**WHAT IS EXPECTED**
Make an exact copy, from the records below, of the lines from the line containing "Prenotazione obbligatoria : 338/9136025" to the line containing "El texto de", both lines included, excluding pictures.

**RECORD SET**
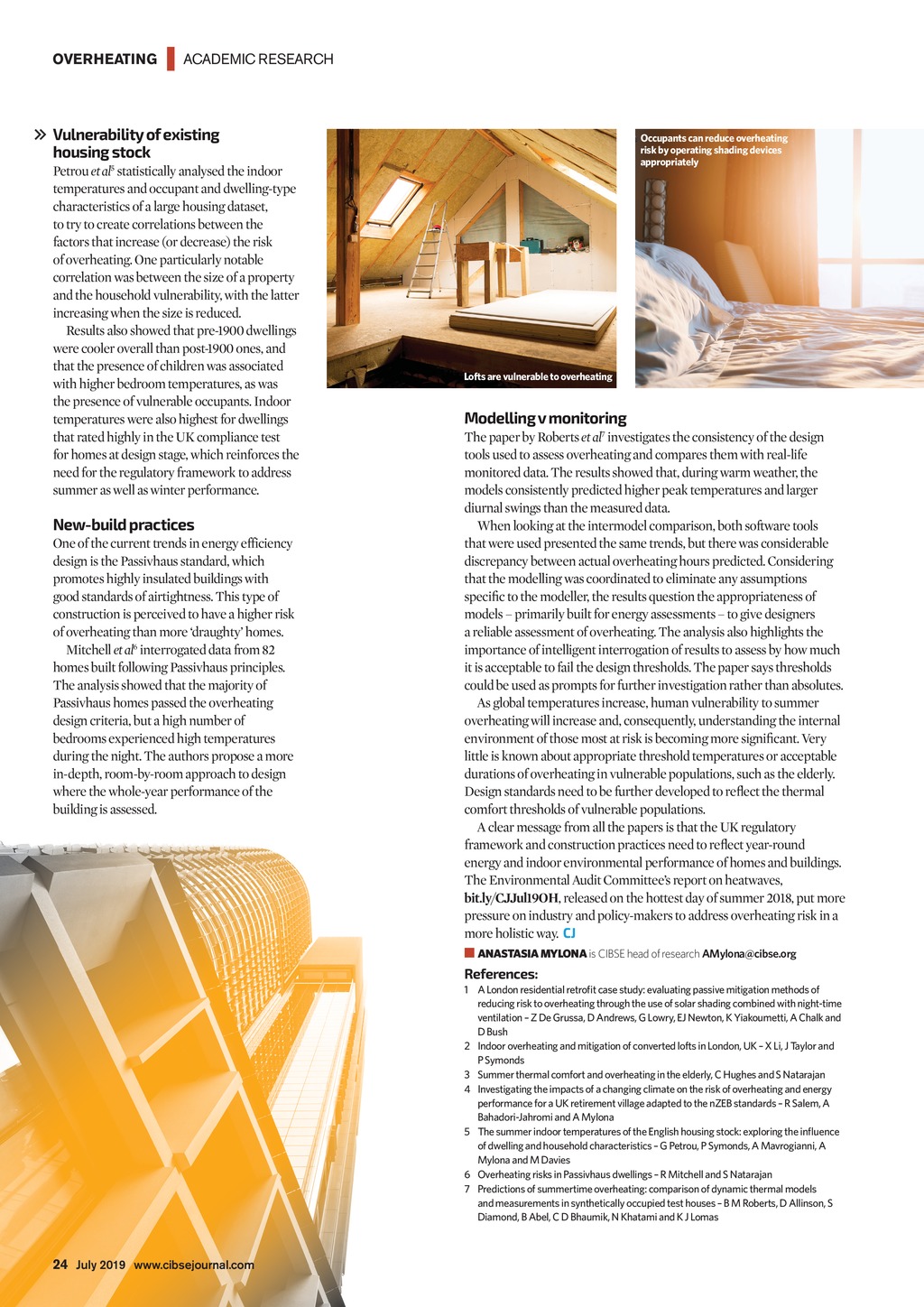 OVERHEATING | ACADEMIC RESEARCH Vulnerability of existing housing stock Petrou et al5 statistically analysed the indoor temperatures and occupant and dwelling-type characteristics of a large housing dataset, to try to create correlations between the factors that increase (or decrease) the risk of overheating. One particularly notable correlation was between the size of a property and the household vulnerability, with the latter increasing when the size is reduced. Results also showed that pre-1900 dwellings were cooler overall than post-1900 ones, and that the presence of children was associated with higher bedroom temperatures, as was the presence of vulnerable occupants. Indoor temperatures were also highest for dwellings that rated highly in the UK compliance test for homes at design stage, which reinforces the need for the regulatory framework to address summer as well as winter performance. New-build practices One of the current trends in energy efficiency design is the Passivhaus standard, which promotes highly insulated buildings with good standards of airtightness. This type of construction is perceived to have a higher risk of overheating than more draughty homes. Mitchell et al6 interrogated data from 82 homes built following Passivhaus principles. The analysis showed that the majority of Passivhaus homes passed the overheating design criteria, but a high number of bedrooms experienced high temperatures during the night. The authors propose a more in-depth, room-by-room approach to design where the whole-year performance of the building is assessed. Occupants can reduce overheating risk by operating shading devices appropriately Lofts are vulnerable to overheating Modelling v monitoring The paper by Roberts et al7 investigates the consistency of the design tools used to assess overheating and compares them with real-life monitored data. The results showed that, during warm weather, the models consistently predicted higher peak temperatures and larger diurnal swings than the measured data. When looking at the intermodel comparison, both software tools that were used presented the same trends, but there was considerable discrepancy between actual overheating hours predicted. Considering that the modelling was coordinated to eliminate any assumptions specific to the modeller, the results question the appropriateness of models primarily built for energy assessments to give designers a reliable assessment of overheating. The analysis also highlights the importance of intelligent interrogation of results to assess by how much it is acceptable to fail the design thresholds. The paper says thresholds could be used as prompts for further investigation rather than absolutes. As global temperatures increase, human vulnerability to summer overheating will increase and, consequently, understanding the internal environment of those most at risk is becoming more significant. Very little is known about appropriate threshold temperatures or acceptable durations of overheating in vulnerable populations, such as the elderly. Design standards need to be further developed to reflect the thermal comfort thresholds of vulnerable populations. A clear message from all the papers is that the UK regulatory framework and construction practices need to reflect year-round energy and indoor environmental performance of homes and buildings. The Environmental Audit Committees report on heatwaves, bit.ly/CJJul19OH, released on the hottest day of summer 2018, put more pressure on industry and policy-makers to address overheating risk in a more holistic way. CJ ANASTASIA MYLONA is CIBSE head of research AMylona@cibse.org References: 1 A London residential retrot case study: evaluating passive mitigation methods of reducing risk to overheating through the use of solar shading combined with night-time ventilation Z De Grussa, D Andrews, G Lowry, EJ Newton, K Yiakoumetti, A Chalk and D Bush 2 Indoor overheating and mitigation of converted lofts in London, UK X Li, J Taylor and P Symonds 3 Summer thermal comfort and overheating in the elderly, C Hughes and S Natarajan 4 Investigating the impacts of a changing climate on the risk of overheating and energy performance for a UK retirement village adapted to the nZEB standards R Salem, A Bahadori-Jahromi and A Mylona 5 The summer indoor temperatures of the English housing stock: exploring the inuence of dwelling and household characteristics G Petrou, P Symonds, A Mavrogianni, A Mylona and M Davies 6 Overheating risks in Passivhaus dwellings R Mitchell and S Natarajan 7 Predictions of summertime overheating: comparison of dynamic thermal models and measurements in synthetically occupied test houses B M Roberts, D Allinson, S Diamond, B Abel, C D Bhaumik, N Khatami and K J Lomas 24 July 2019 www.cibsejournal.com CIBSE July19 pp22-24 BSERT overheating.indd 24 21/06/2019 14:45
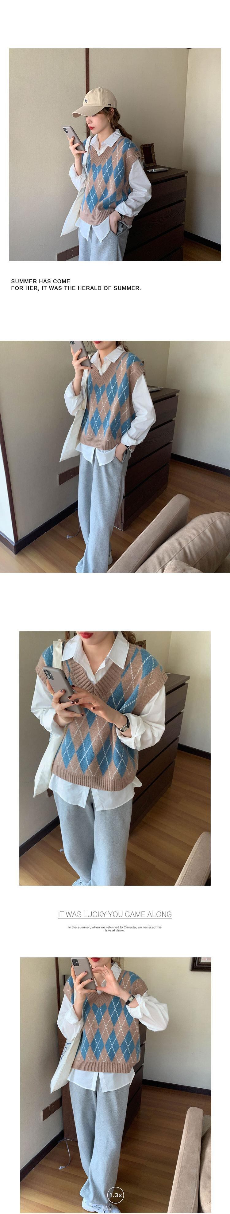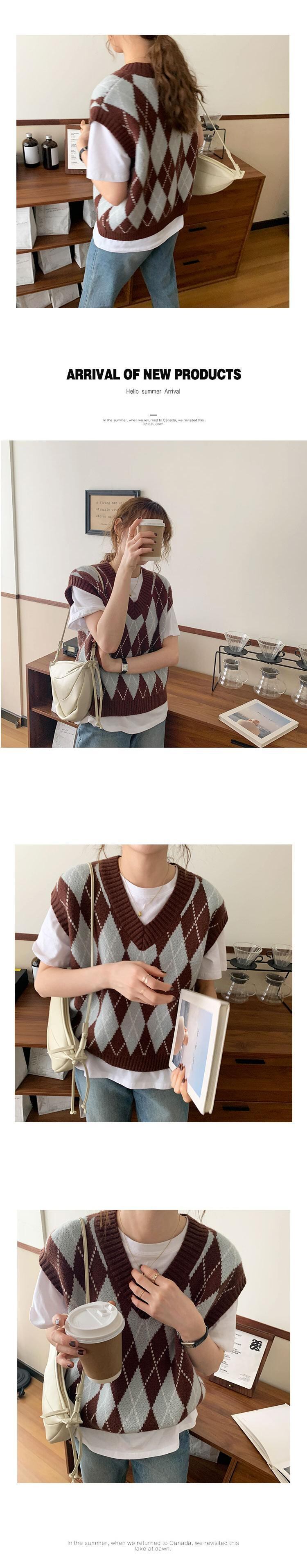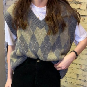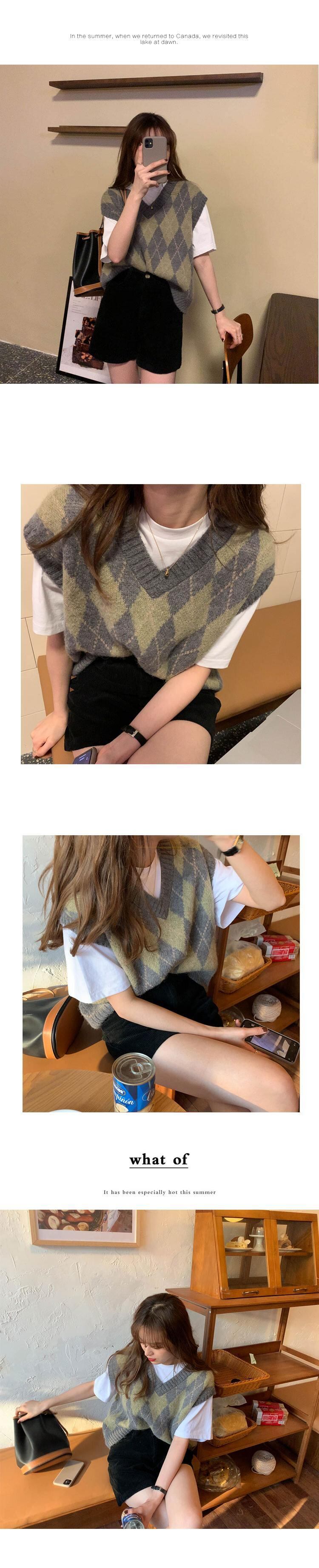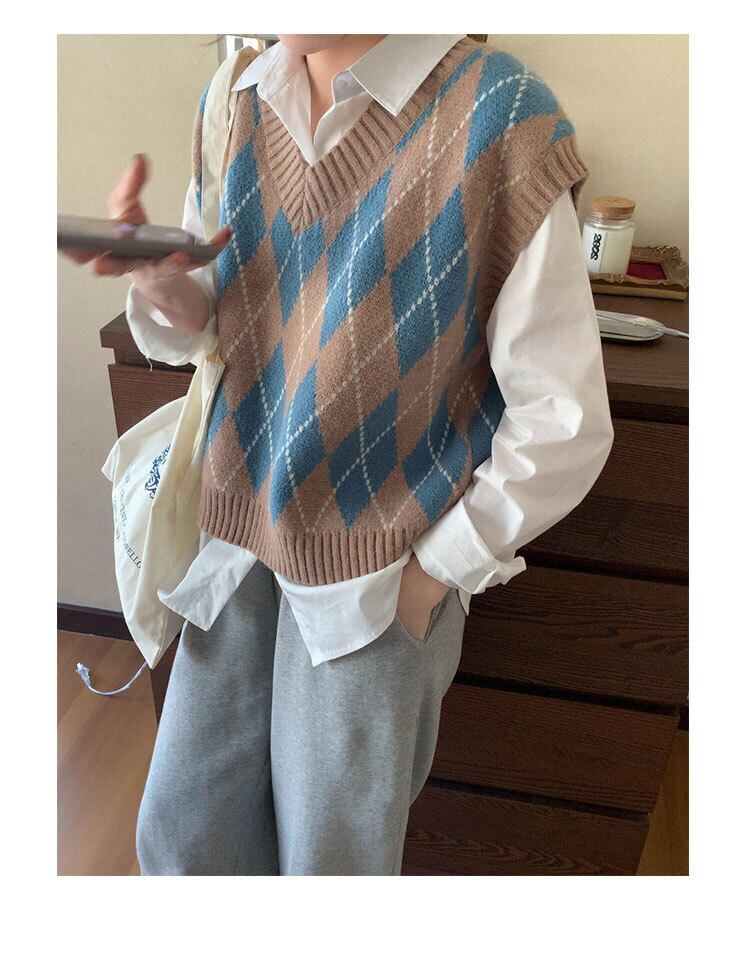 スタンダードVネックニットスプリングショートセーター ルーズトップス レトロ 春物 韓国婦人93034620992
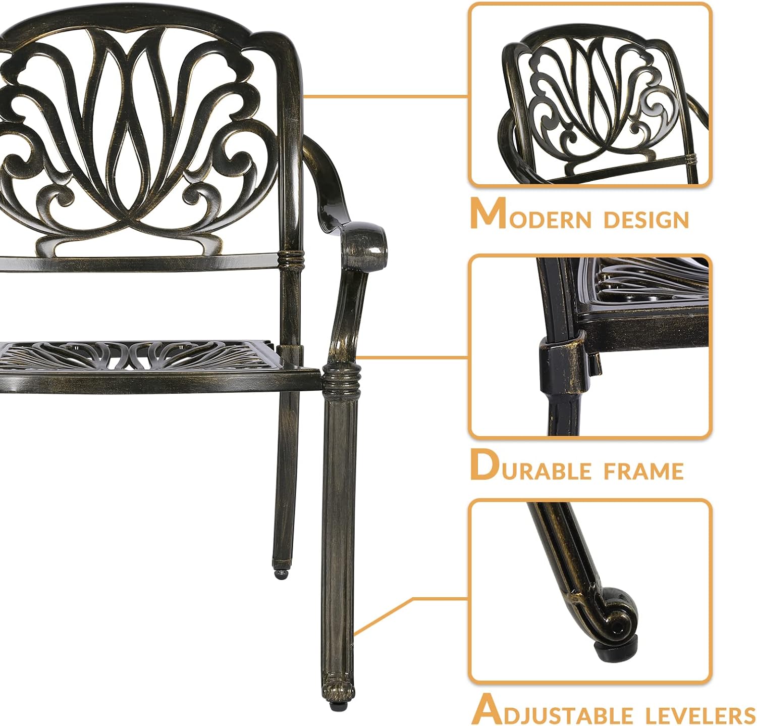 - 【Durable 3-Piece Dining Set】 - Made from cast aluminum for long-term durability. Resistant to rust, weather, fade, crack. This patio set includes 1 round table, 2 chairs, and they stay in perfect condition regardless of the weather. It's also easier than ever to clean, just use a dry or damp rag to wipe down.
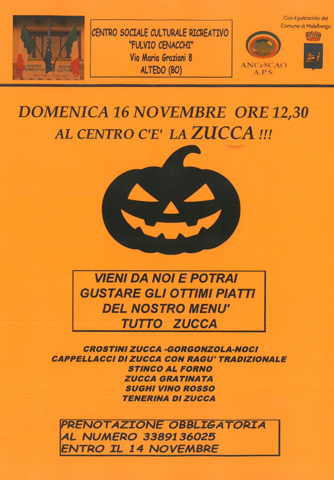 Prenotazione obbligatoria : 338/9136025 entro il 14/11
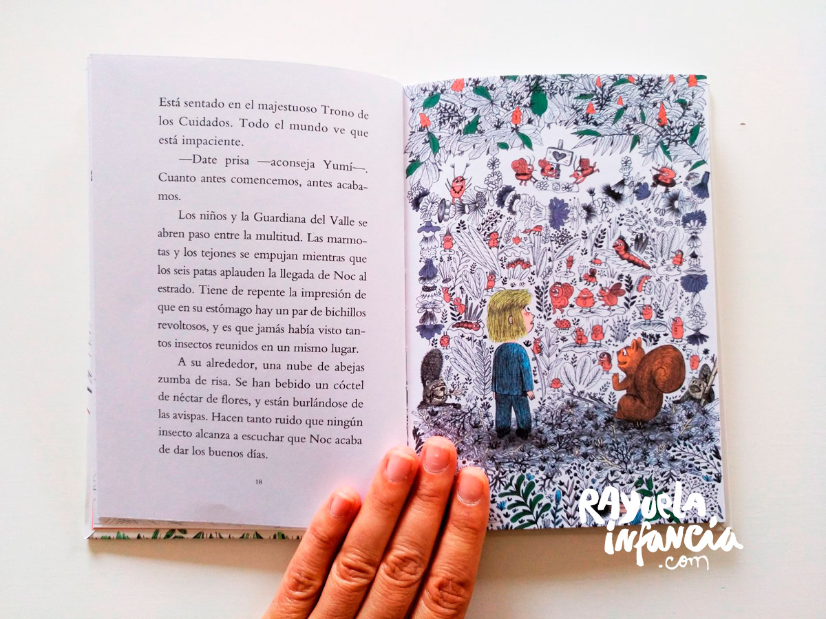 El texto de El pequeño cuidador de insectos de Nastasia Rugani plantea un tema muy importante pero de manera sutil, sin calzador, desde la buena literatura, en un relato que podemos disfrutar leyendo tanto si estamos comenzando a leer por nuestra cuenta como si somos ya adultos lectores.
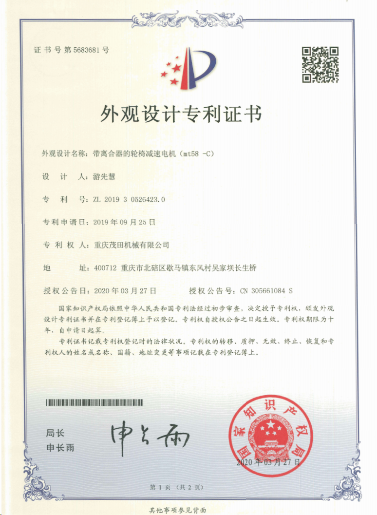 重慶茂田機(jī)械有限公司是國家級小巨人企業(yè)、國家高新技術(shù)企業(yè)、重慶市專精特新企業(yè)、重慶市知識(shí)產(chǎn)權(quán)優(yōu)勢企業(yè),致力于現(xiàn)代化山地農(nóng)業(yè)機(jī)械、各類非標(biāo)減速電機(jī)及其控制系統(tǒng)的研發(fā)、生產(chǎn)、銷售。擁有重慶市市級研發(fā)平臺(tái)1個(gè) 目前研發(fā)、生產(chǎn)、銷售產(chǎn)品廣泛應(yīng)用于農(nóng)業(yè)機(jī)械、醫(yī)療康復(fù)設(shè)備、交通代步工具、智能搬運(yùn)設(shè)備、以及機(jī)器人動(dòng)力系統(tǒng)等領(lǐng)域。我們的產(chǎn)品具有完整的自主知識(shí)產(chǎn)權(quán),擁有多項(xiàng)專利技術(shù)及“重慶
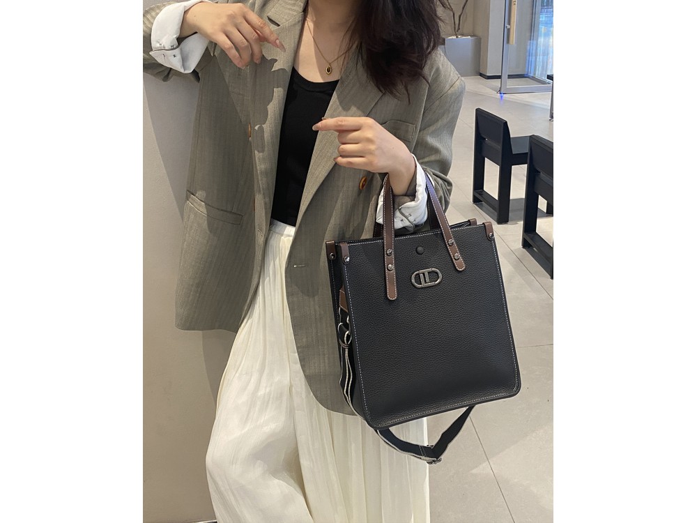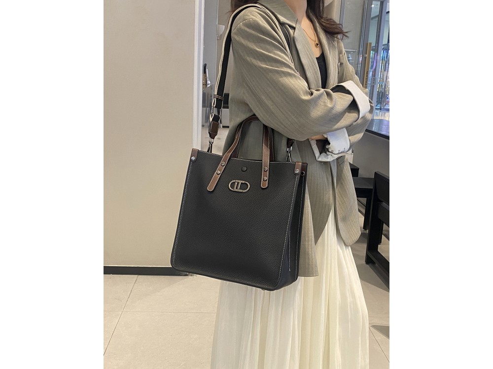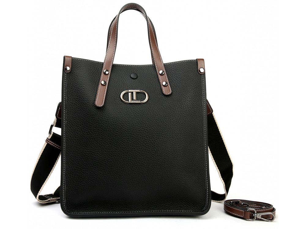 Две короткие ручки. Текстильный ремень на плечо + длинный кожаный ремень с возможностью регулировки. Три основаных отделения. Одно застегивается на молнию + внутри карман для телефона, дополнительный карман для аксессуаров на молнии. Два других отделения застегиваются на магнитную клепку.
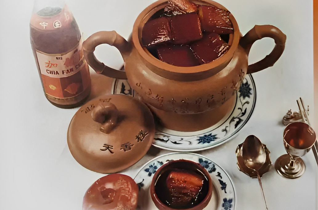 相传,(宋)元祐四年(1089),苏东坡出任杭州知州,他发动民众疏浚西湖,在大功告成时,他把百姓馈赠的猪肉,绍兴黄酒等礼物,命厨师按照他总结的烧肉经验:少著水,慢著火,火候足时它自美,以酒代水,烹制成酥糯油润,味美异常的红烧肉犒劳民工,令人难以忘怀,后人为纪念他特将此肉称为“东坡肉”。其特点为色泽红亮,入口酥而不烂,油而不腻,鲜香可口,有杭州第一名菜之誉。
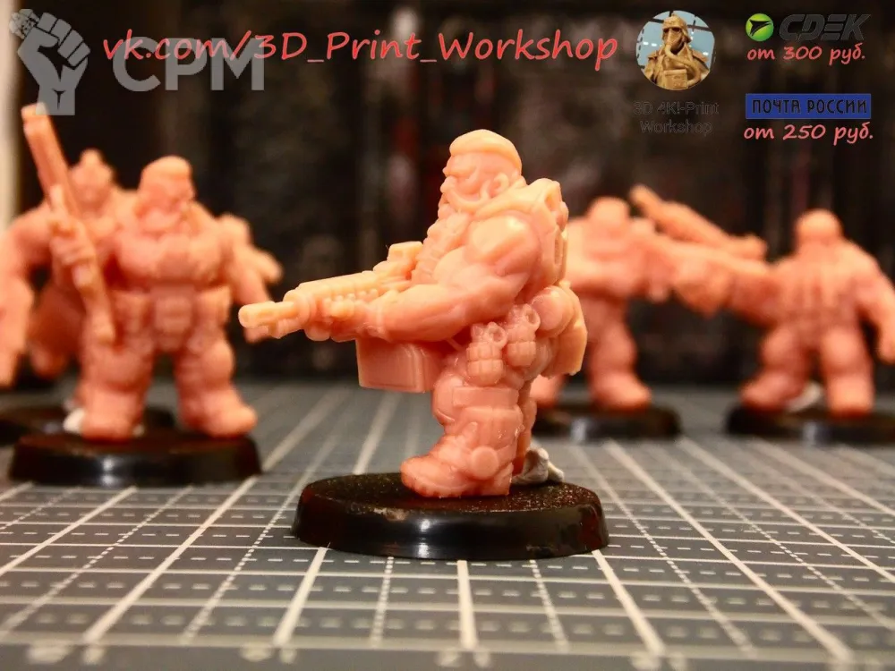 Ребята, очень качественно команда пасюков напечатана, почищена. По очистке от поддержек минимальные работы. Детализация выше всяческих похвал. Из пожеланий на перспективу - не экономьте на зип-пакетиках, раскладывайте миньки в количестве 3-4 максимум на пакетик. Так, как показывает практика, меньше будет досадного микро-лома при транспортировке. Вообще, очень доволен заказом, благодарю мастерскую, буду заказывать ещё!
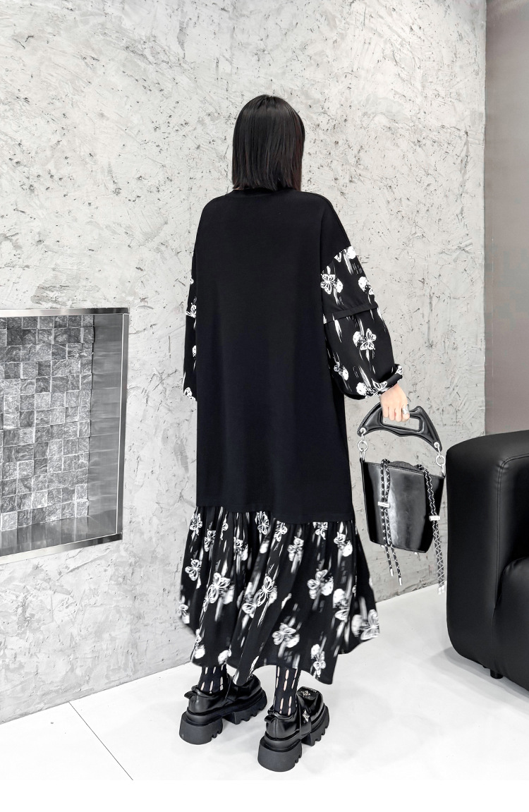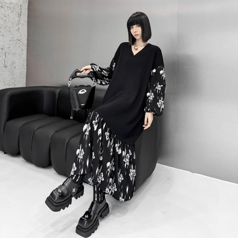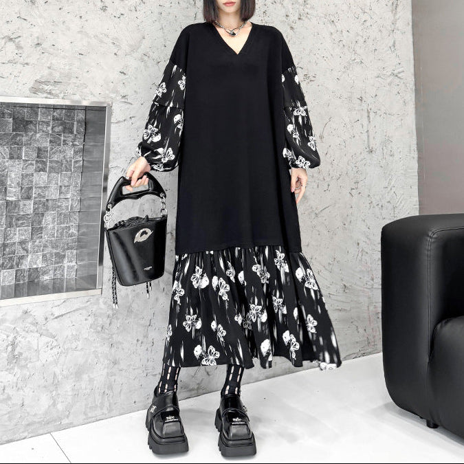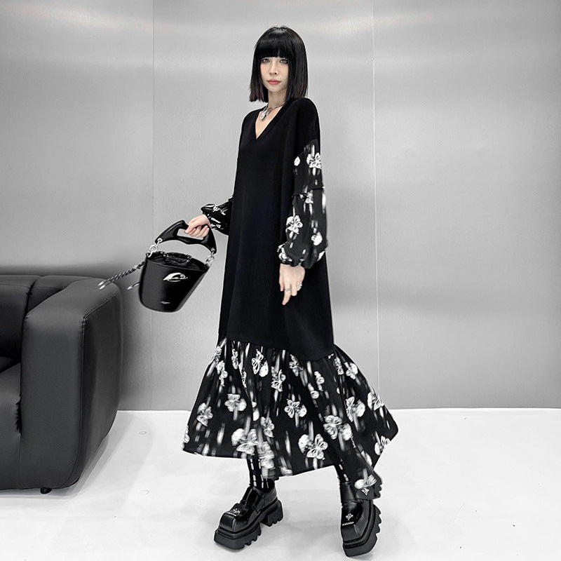 【商品名】【ワンピース】おしゃれ フェイクレイヤード 切り替えVネックニット 長袖ワンピース ゆったりデザイン Aライン【AHシリーズ】

**SOLVED EXERCISE**
 Prenotazione obbligatoria : 338/9136025 entro il 14/11
 El texto de El pequeño cuidador de insectos de Nastasia Rugani plantea un tema muy importante pero de manera sutil, sin calzador, desde la buena literatura, en un relato que podemos disfrutar leyendo tanto si estamos comenzando a leer por nuestra cuenta como si somos ya adultos lectores.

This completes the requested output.